1.      The Compensation Committee shall have the sole authority to retain and terminate any compensation consultant to be used to assist in the evaluation of director, CEO and executive compensation and shall have sole authority to approve the consultant's fees and other retention terms. The Compensation Committee also shall have authority to obtain advice and assistance from internal or external legal, accounting or other advisors as it determines necessary to carry out its duties.

2.      The Compensation Committee shall at least annually review and approve corporate goals and objectives relevant to CEO compensation, evaluate the CEO's performance in light of those goals and objectives, report the results of such evaluation to the Board and set the CEO's compensation levels based on this evaluation.

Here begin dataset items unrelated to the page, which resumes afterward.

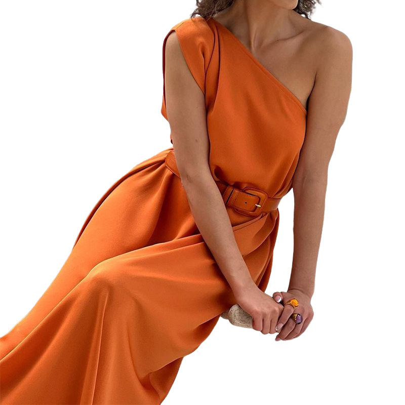 | nameOriginal | FD1713 Spring and Summer 2024 New Cross-border Women's Fashionable Elegant Solid Color Inclined Shoulder with Belt Long Dress |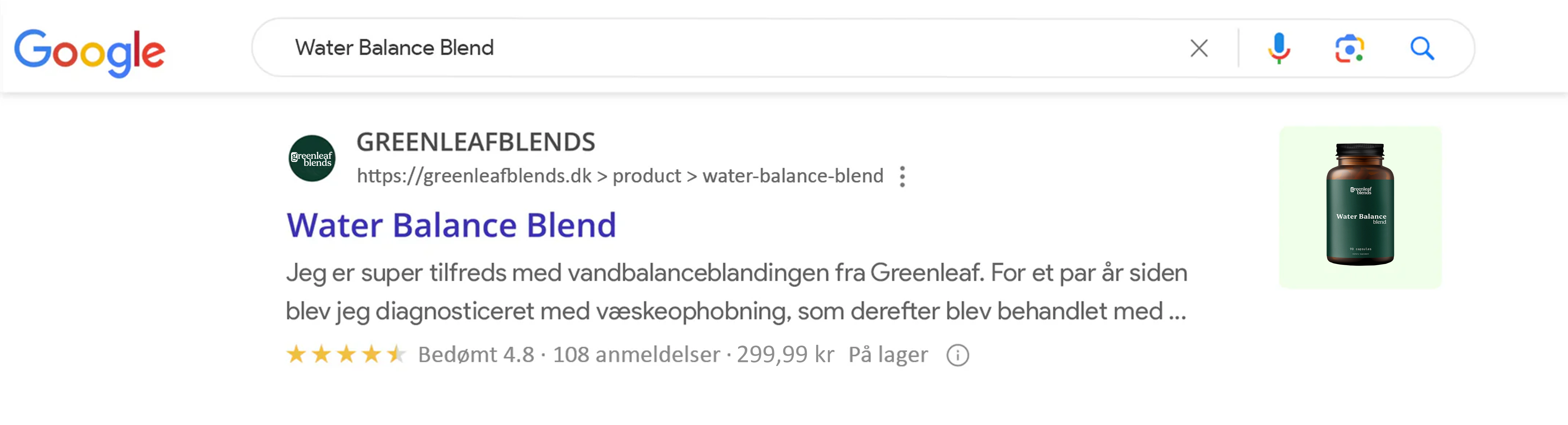 - Greenleaf Blends tilbyder produktet til en absolut fair pris. Andre kosttilskud til væskeophobning, som er af ringere kvalitet, koster nogle gange 700-900 kr. om måneden. Water Balance blend fås for 259 kr. måned.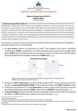 El tablero de seguimiento COVID-19, herramienta interactiva desarrollada en el Ministerio de Economía, Planificación y Desarrollo resume desde una perspectiva sanitaria la coyuntura actual en la que se encuentra el país respecto a esta enfermedad. Este tablero brinda información precisa y actualizada respecto a la evolución del total de personas contagiadas y fallecidas desde el inicio de la pandemia.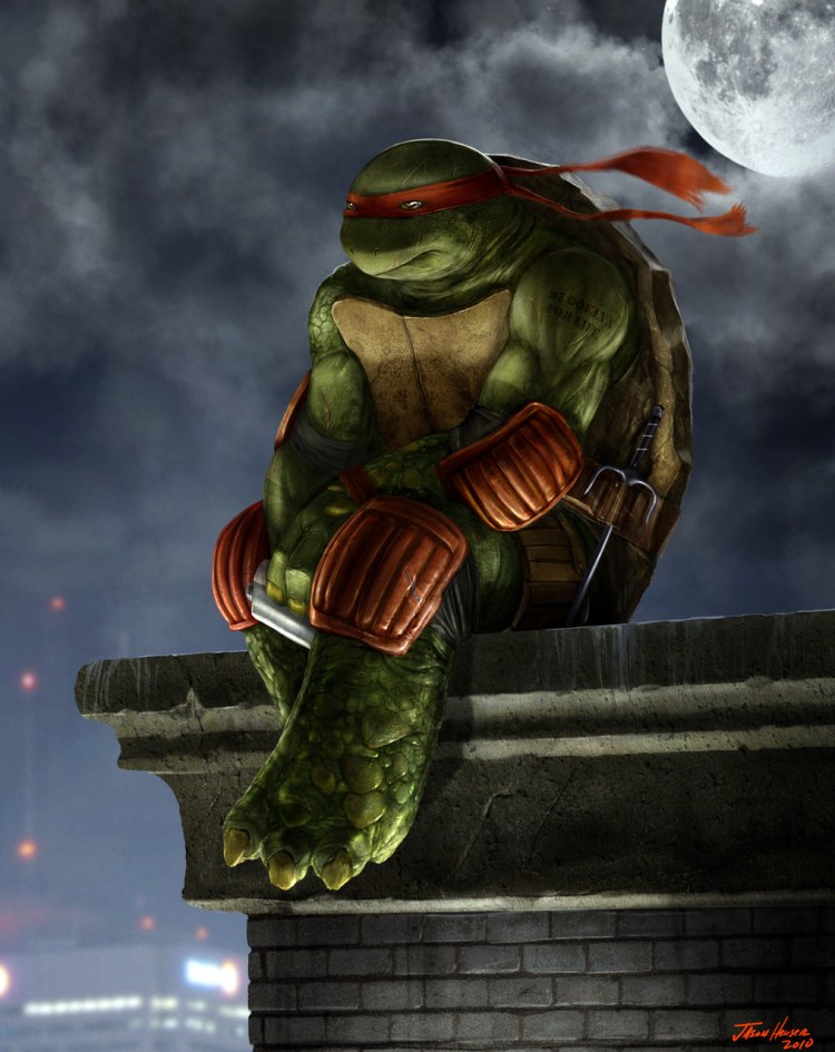 Behind the scenes, Raphael had to hit the whiskey flask to get through each day. Awesome TMNT redesign by Jason Heuser. Check out his RockSteady!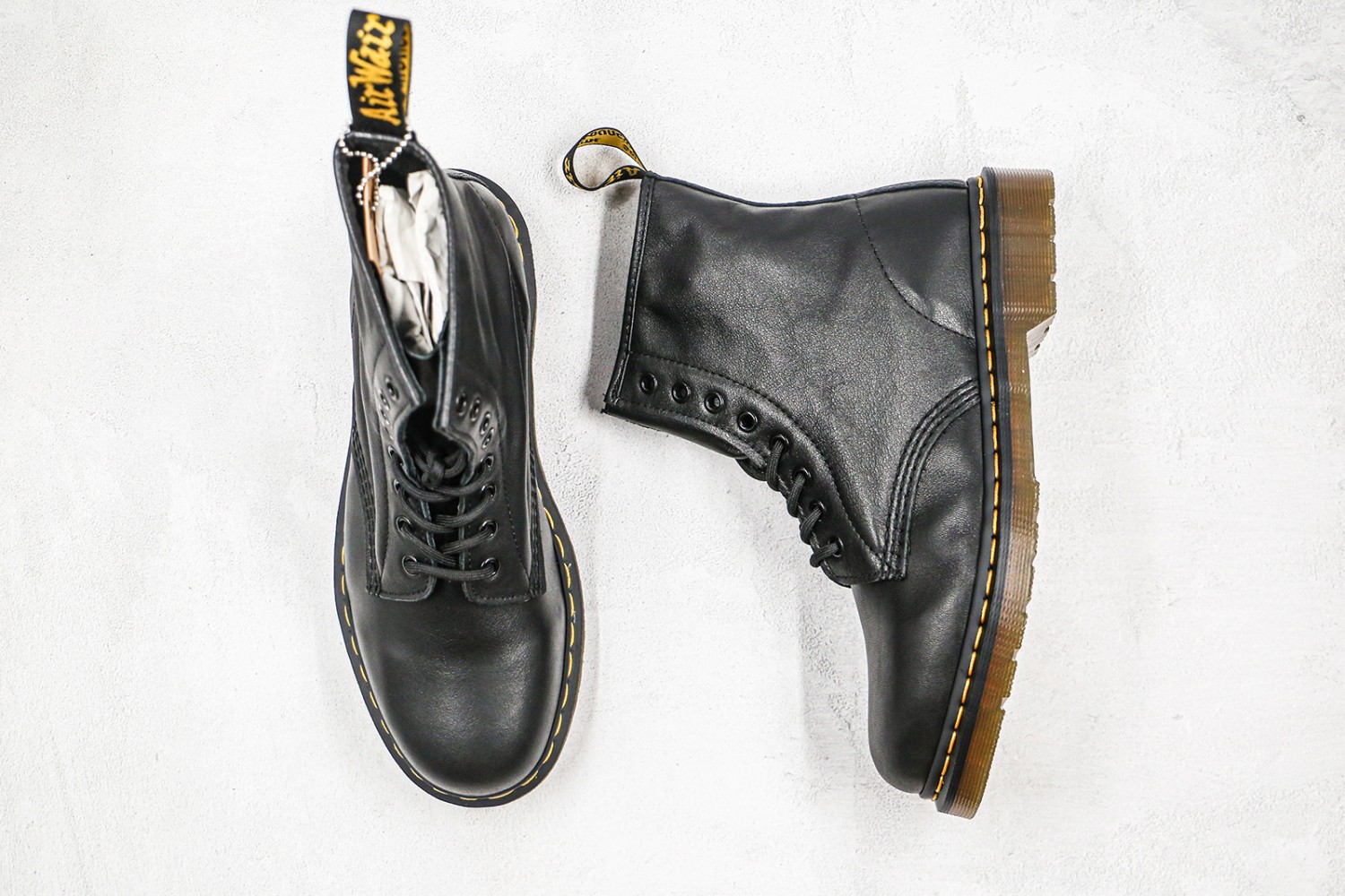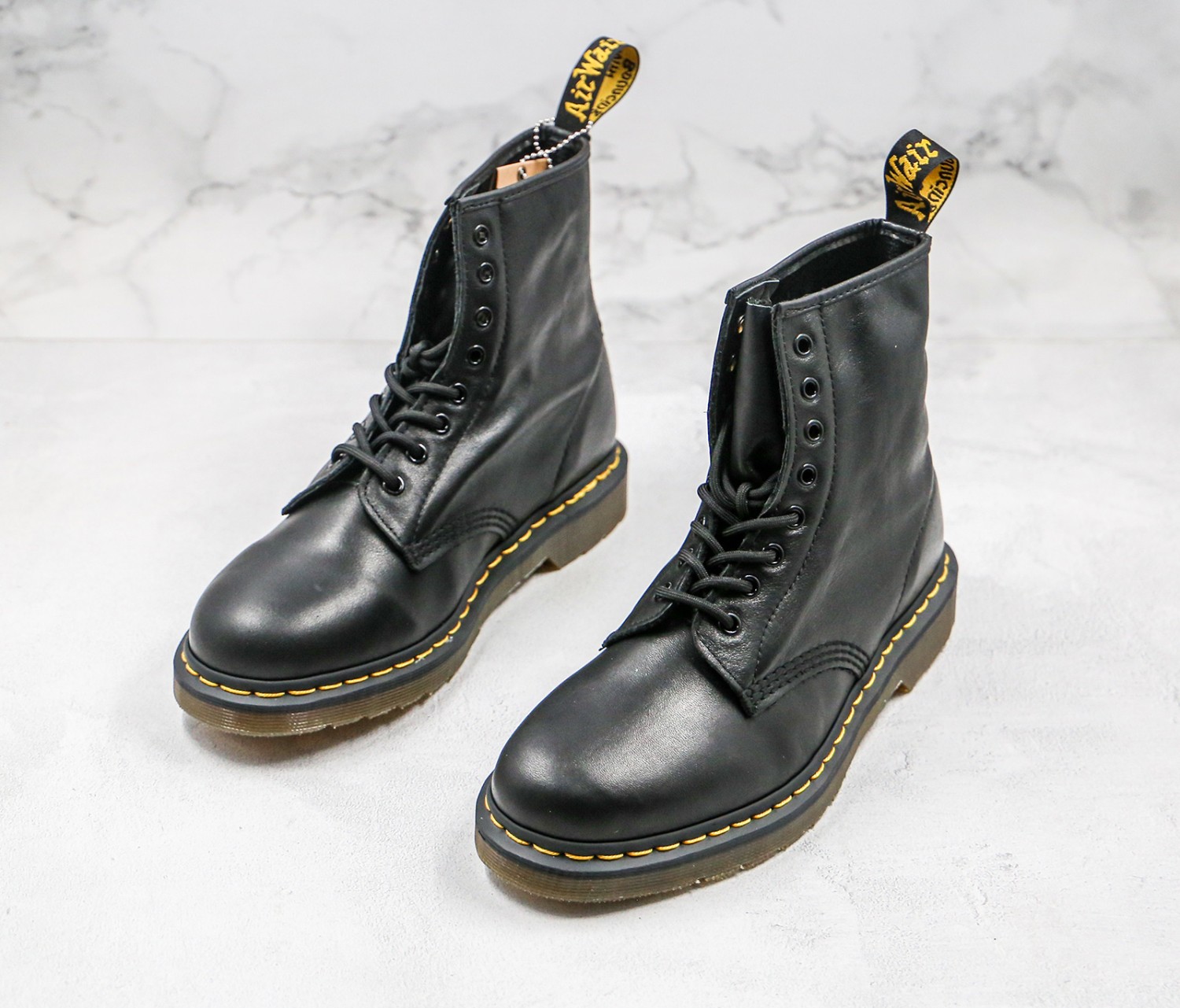 - Detailed with two arrow-shaped ski hooks and an external heel counter, the boots have flat cotton laces, gunmetal eyelets and unmistakable welt stitching and heel loop.

In determining the long term incentive component of CEO compensation, the Compensation Committee will consider the Company's performance and relative shareholder return, the value of similar incentive awards to CEOs at comparable companies, the awards given to the CEO in past years and such other matters as it deems relevant.

3.      The Compensation Committee shall annually review and make recommendations to the Board with respect to the compensation of all executive officers (and, with respect to directors, periodically), including incentive compensation plans and equity based plans and oversee the administration of these plans and discharge any responsibilities imposed on the Compensation Committee by any of these plans.

4.      The Compensation Committee shall annually review and approve, for the CEO and the executive officers of the Company, (a) the annual base salary level, (b) the annual incentive opportunity level, (c) the long term incentive opportunity level, (d) employment agreements, severance arrangements, and change in control agreements/provisions, in each case, as, when and if appropriate, and (e) any special or supplemental benefits, all in accordance with applicable law, rules and regulations.

5.      To the extent appropriate or necessary to comply with any federal securities or tax law requirements, such as Rule 16b-3 of the Securities Exchange Act of 1934, as amended, or Section 162(m) of the Internal Revenue Code of 1986, as amended, the Compensation Committee shall exercise the exclusive authority to approve or ratify elements of compensation of executive officers as and when such authority is delegated to the Compensation Committee by the Board.

6.      The Compensation Committee may form and delegate its authority to subcommittees when appropriate.

7.      The Compensation Committee shall make regular reports to the Board.

8.      The Compensation Committee shall review and reassess the adequacy of this Charter annually and recommend any proposed changes to the Board for approval.

9.      The Compensation Committee shall annually review its own performance.

10.      The Compensation Committee shall have such other authority and responsibilities as may be assigned to it from time to time by the Board.

11.       The Compensation Committee shall establish the Company’s general compensation philosophy, and, in consultation with senior management, oversee the development and implementation of compensation programs.

Adopted by the Board of Directors on March 26, 2007.